Variations in Genes can Influence the Risk of Age-Related Macular Degeneration
News Mar 07, 2006
A team of researchers has determined that variations in certain genes involved in fighting infection can predict the risk of developing age-related macular degeneration (AMD).
The team, led by Bert Gold, Ph.D., and Michael Dean, Ph.D., of the National Cancer Institute, part of the National Institutes of Health, identified a genetic variant that is associated with an increased risk of developing AMD.
They also found two genetic variants that protect against developing this disease. Study results appear online March 5, 2006 in "Nature Genetics".
The genes analyzed in this study - Complement Factor B (BF) and Complement Component 2 (C2) - contain the instructions to make proteins that activate the body's immune defense against microbial infections.
These defense responses are part of a system called the complement pathways. These pathways involve numerous proteins in the blood that work in association with the body's immune cells and antibodies to destroy bacteria, viruses or fungi invading the body.
Some complement proteins can stimulate inflammation, the redness and swelling that result in tissues when they are infected.
Previous studies have shown that genetic variations in complement pathway genes can cause a dysfunction in the inflammatory response that plays a central role in the pathology of AMD.
Based on these findings, investigators initiated this study, which screened almost 900 patients with AMD and 400 unaffected individuals for genetic variants in the BF and C2 genes.
Data analysis revealed that specific variants in each gene were associated with AMD. One genetic variant conferred an increased risk for AMD, while two genetic variants showed protection against developing this disease.
These results, when analyzed in association with results linking AMD and genetic variants of Complement Factor H - a gene than contains the instructions to make a protein that inhibits the complement system - showed that 56 percent of the unaffected individuals had a variant that conferred protection to AMD while 74 percent of those with AMD had no protective variants.
"These studies confirm that AMD has a strong genetic component," said Paul Sieving, M.D., Ph.D., director, National Eye Institute, at NIH.
"This may support the development of screening tests for risk of developing AMD, which would allow us to administer treatment early in the course of disease. Knowing the underlying genetic alterations for risk could also aid in developing preventive therapies tailored to an individual's genetic background."
"We were studying a very common disease, but no one knew its cause.
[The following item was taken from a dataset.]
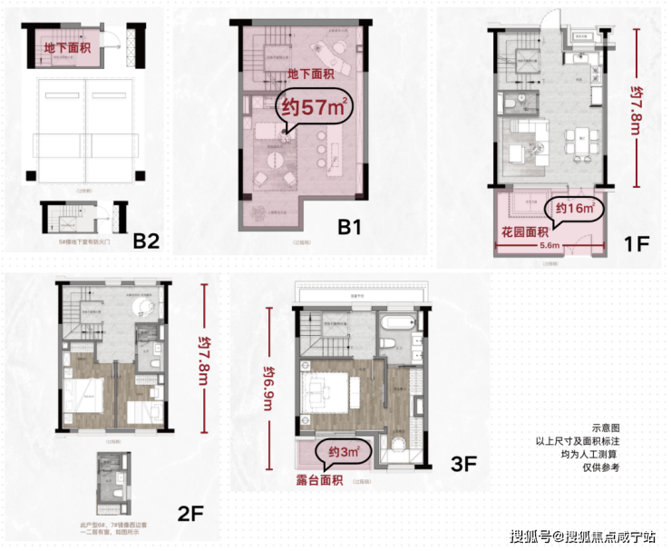 地下面积预测约 57㎡;1、2F 轴线进深约 7.8m;3F 轴线进深约 6.9m;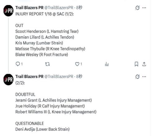 大概率缺阵的包括:格兰特(左跟腱伤病管理)、霍勒迪(右小腿伤病管理)、罗伯特-威廉姆斯(右膝伤病管理)

It was unexpected to find that the immune system was involved in causing AMD," said Gold, Laboratory of Genomic Diversity at NCI and lead author of this study.
"Understanding how genetic variations in complement pathway genes are causing this common, complex disease could be very helpful in understanding other complex diseases, such as cancer."
This discovery of a link between genetic variants in complement genes and AMD may be relevant to the role of complement in cancer progression.
The National Institutes of Health - "The Nation's Medical Research Agency" - includes 27 Institutes and Centers and is a component of the U.S. Department of Health and Human Services.